** Supplied data follows **

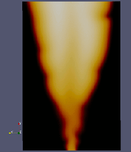 Our team will work with a multi-dimensional in-house DNS code (DINOSOARS) during the current phase of the project. DINOSOARS (DIrect Numerical, high-Order Simulation and On-the-fly Analysis of Reacting flows and Sprays) is a new Fortran-2003 code which is developed in our group since the beginning of 2013. DINOSOARS is three dimensional, uses a 6th order finite difference spatial discretization and low Mach number solver for reacting and multi-phase turbulent flows. The code is parallelized in two dimensions using 2DECOMP&FFT library on top of standard MPI and FFTW. Also, 3rd and 4th order Runge-Kutta implicit time integration schemes are used for stiff chemistry part in the governing equations, in order to increase the integration time step.
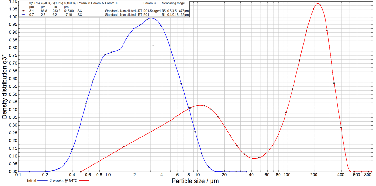 Distribución del tamaño de las partículas tras el almacenamiento durante 2 semanas a 54°C
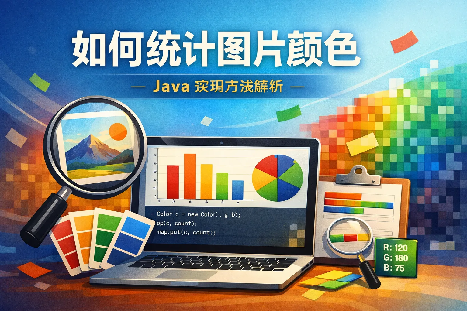 本文从核心逻辑、原生API实现、第三方库应用、优化策略、应用场景等维度,详细讲解了Java统计图片颜色的全流程,对比了不同实现方案的成本与性能,结合行业报告给出了适配不同场景的落地建议,帮助开发者快速搭建高效合规的颜色统计模块。

** End of Supplied data **

Pictures stay out of this copy. Retype exactly the lines from the one with "Distribución del tamaño" through the last line of the data, both ends included, and nothing more.

■ **Completed task**
 Distribución del tamaño de las partículas tras el almacenamiento durante 2 semanas a 54°C
 本文从核心逻辑、原生API实现、第三方库应用、优化策略、应用场景等维度,详细讲解了Java统计图片颜色的全流程,对比了不同实现方案的成本与性能,结合行业报告给出了适配不同场景的落地建议,帮助开发者快速搭建高效合规的颜色统计模块。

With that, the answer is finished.